Crowds have invaded the streets of Colombo and other major Sri Lankan cities following the announcement that rebel forces were finally beaten and President Mahinda Rajapaksa publicly joined in the celebrations last night. For many he is Raju, the king and national hero who freed the country from a war that lasted 26 years.
But amid the deafening cacophony of happy voices, some criticism and concerns are being heard. Here are some that AsiaNews collected.
Sardha Kavirathna, Buddhist teacher and mother of three
“As responsible citizens we must make a clear choice and rebuild unity among the people. It is just too much to celebrate this event now. I am a Buddhist woman and look at our teachings. I have not found a single word in the Buddha that encourages murder. This is the victory of murder. I wonder how, as Buddhists, Sri Lankans can laugh and rejoice over the death of hundreds of innocent civilians. How can we consider ourselves heroic if we kill and use force to impose our power?”

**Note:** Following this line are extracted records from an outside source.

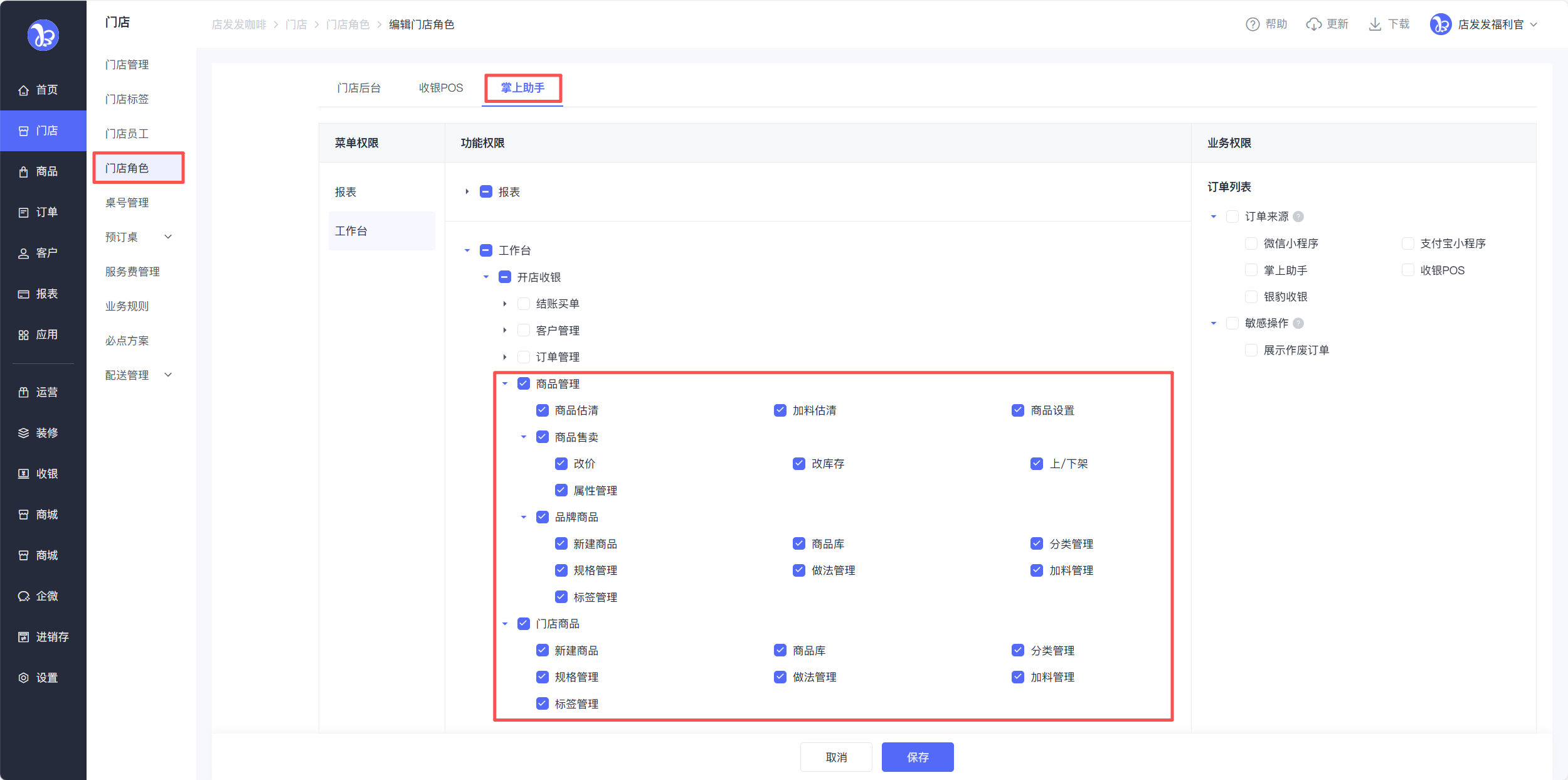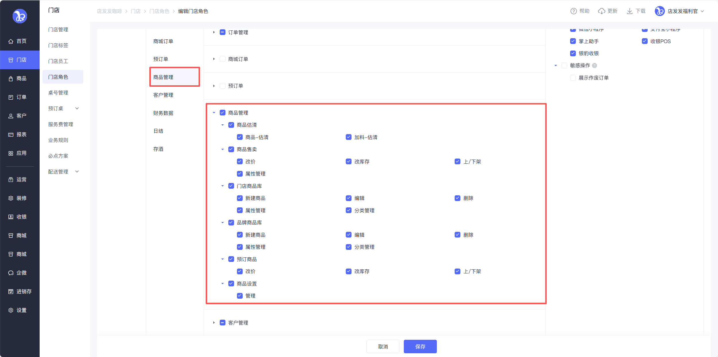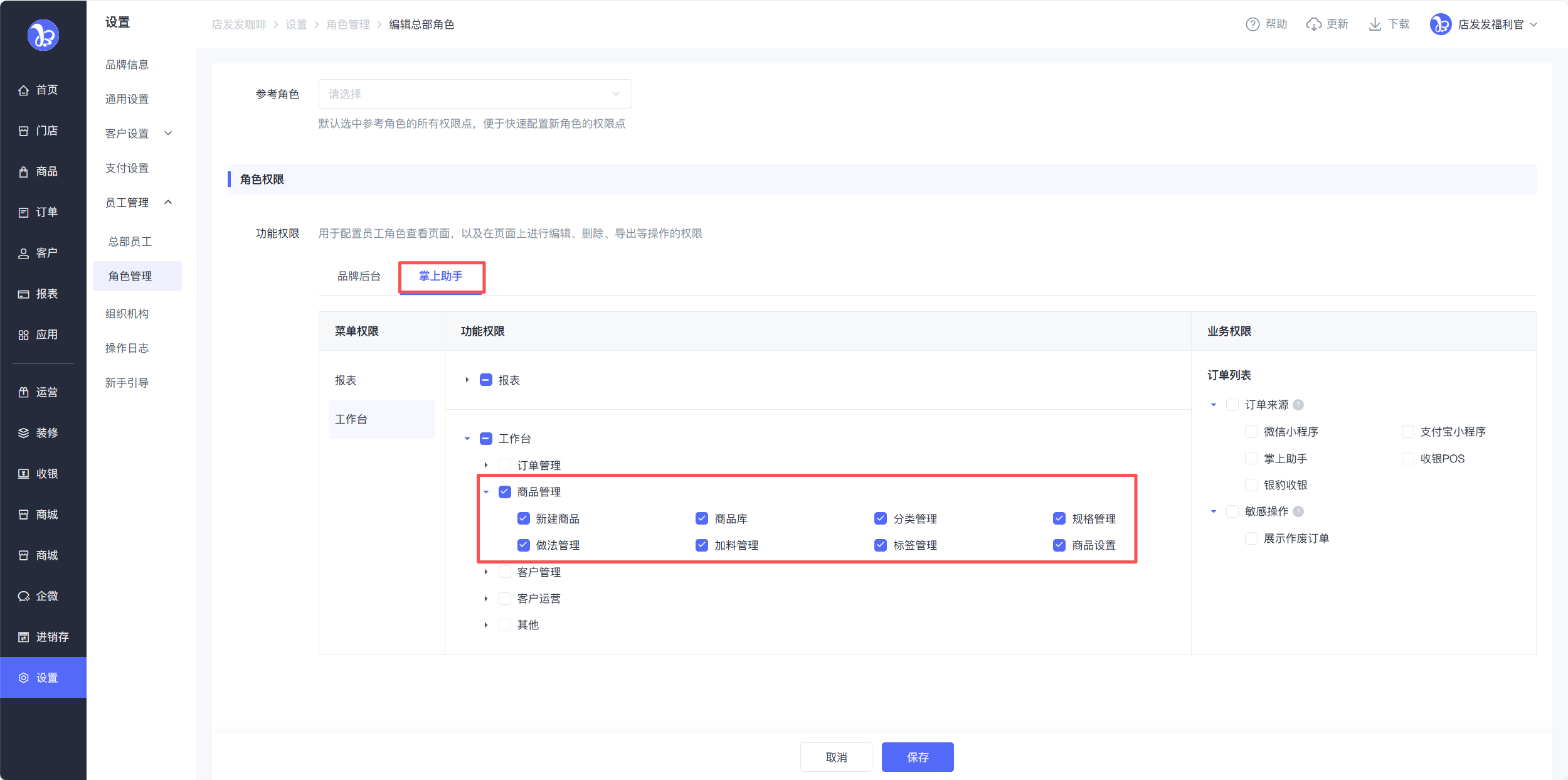 【门店角色】新增【POS端】和【助手端】的商品管理权限,POS端可配置商品估清、商品售卖、门店商品库、品牌商品库、预订商品、商品设置权限;助手端可配置商品管理和门店商品的权限。
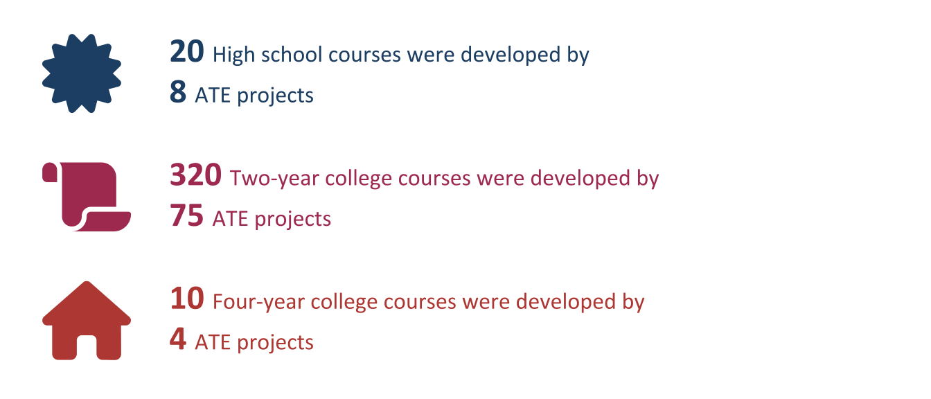 ATE PIs whose projects engaged in creating or substantially modifying academic courses were asked to identify the number and types of courses they created or modified, the academic levels of these courses, their primary delivery modes, and how many students enrolled in the courses. Some ATE projects engaged in course development as part of a larger initiative to develop or modify an entire degree or certificate program; others did so as a stand-alone effort.
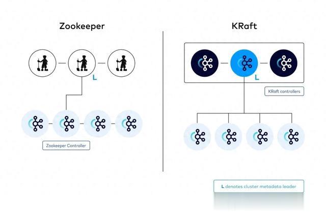 完全内置,自包含:KRaft 将所有协调服务嵌入 Kafka 自身,不再依赖外部系统,这样大大简化了部署和管理,因为管理员只需关注 Kafka 集群。高效的一致性协议:Raft 是一种简洁且易于理解的一致性算法,易于调试和实现。KRaft 利用 Raft 协议实现了强一致性的元数据管理,优化了复制机制。提高元数据操作的扩展性:新的架构允许更多的并发操作,并减少了因为扩展性问题导致的瓶颈,特别是在高负载场景中。降低延迟:在消除 ZooKeeper 作为中间层之后,Kafka 的延迟性能有望得到改善,特别是在涉及选主和元数据更新的场景中。完全自主:因为是自家产品,所以产品的架构设计,代码开发都可以自己说了算,未来架构走向完全控制在自己手上。KRaft的设计细节控制器(Controller)节点的去中心化:KRaft 模式中,控制器节点由一组 Kafka 服务进程代替,而不是一个独立的 ZooKeeper 集群。这些节点共同负责管理集群的元数据,通过 Raft 实现数据的一致性。日志复制和恢复机制:利用 Raft 的日志复制和状态机应用机制,KRaft 实现了对元数据变更的强一致性支持,这意味着所有控制器节点都能够就集群状态达成共识。动态集群管理:KRaft 允许动态地向集群中添加或移除节点,而无需手动去 ZooKeeper 中更新配置,这使得集群管理更为便捷。下面给出一张 Zookeeper 和 KRaft的对比图:
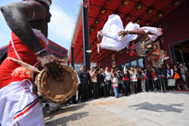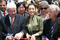 5月1日,上海世博會正式開園,在法國館內,美麗的法國少女熱情地接待著每一位進館參觀的游客。圖為法國美女與中國小伙“親密接觸”,盡顯法蘭西浪漫風情。中新社發 湯彥俊 攝
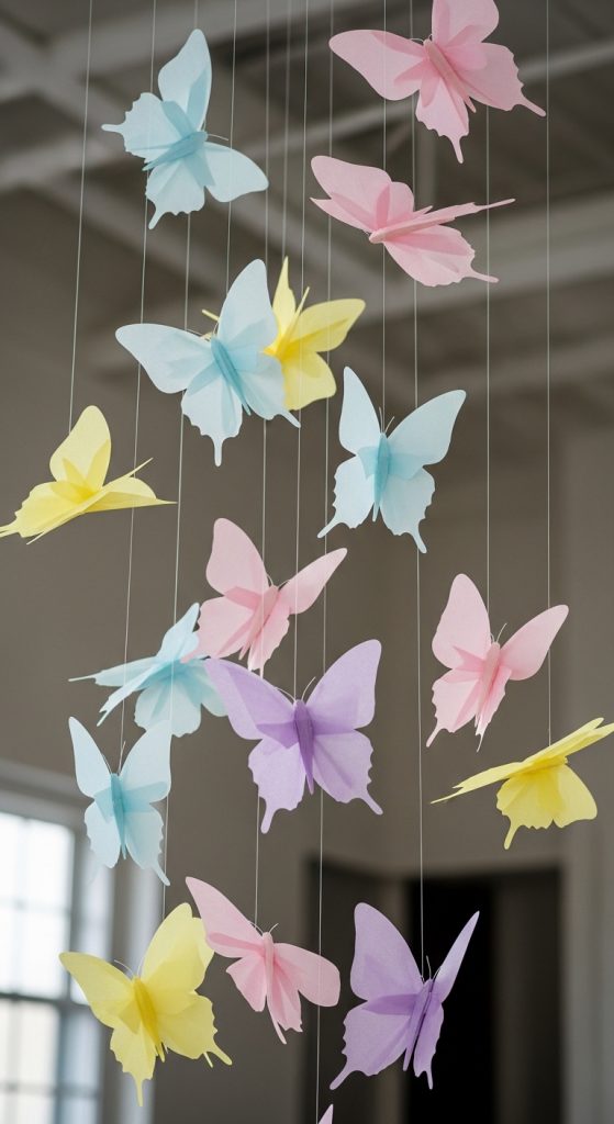 To create this installation, prepare lightweight butterfly structures using layered tissue paper. Attach thin strings or transparent threads to each piece. Hang butterflies at varying heights to create depth and motion. Ensure spacing is balanced for visual harmony. This step-by-step method focuses on spatial arrangement and structural stability.
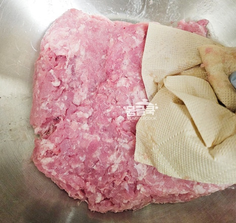 다짐육은 키친타월로 가볍게 눌러 핏물을 제거해 주세요.

Fr Thomas Kochchery, Indian Redemptorist priest and human rights activist in India
“What victory are we talking about? For centuries the Tamil have been oppressed, treated as second-class. What has happened to them now? Have we solved that problem? The LTTE fought for Tamil liberation because the Tamils were never granted equal citizenship. A greater terrorism and violence has been inflicted upon the Tamils. The LTTE’s violence was just reprisal against this structural violence. This is the victory of the greater terrorism, that of the Sri Lankan government. Even without the LTTE, violence will be back unless government violence ends.
Herman Kumara, general secretary of the World Forum for Fisher People
“Sri Lankan society is moving towards destruction, giving room to unacceptable, unethical and anti-democratic practices. The population does not realise what is happening. This is my predicament now. When will people come to grips with reality? The LTTE was not the cause of the problem, but a consequence of an oppressive system, the expression of hatred for the system. Its violence isolated it from southern society and justified its destruction. They believed only in weapons, not the people.”
“People in the north should be entitled to use the natural resources of the region. And until that happens there will be no peace in the country. For this reason we must quickly make sure that the people of the south and that of the north engage in dialogue to deal with their problems.”
Chinthana Fernando, public official and a new father
“People are like crazy. What are they celebrating? The killing of a few hundreds LTTE fighters and their leader? That is war’s victory. Who can prove that their death means the end of the LTTE? Now there are more Tamil Tiger supporters around. How many of them are in the capital Colombo right now? We cannot easily forget. . . . Everyone knows that the Tamil are a tightly-knit community, unlike the Sinhalese. All this emphasis on celebrating is no good. President Rajapaksa should explain right away what are his intentions vis-à-vis the Tamil living in the Diaspora and take steps for their resettlement as he promised. This is the only way to take care of the Tamil population. They are suffering in refugee camps and must be allowed to go back to their land. Otherwise the next uprising will occur in the relief centres set up for internally displaced people.”
Fr S. Maria Anthony, Catholic priest
“The war is over, so is the fighting. But victory celebrations are entirely out of proportion and are a humiliation for Tamils. In his Address to the Nation President Mahinda Rajapaksa was careful in his choice of words and expressed great concern for the suffering of people. Street celebrations have been excessive and should respect for Tamil feelings. Now I wonder whether the government will be able to do the right thing and recognise Tamils’ legitimate rights. For this to be done everyone must be re-educated about the nature of the nation.”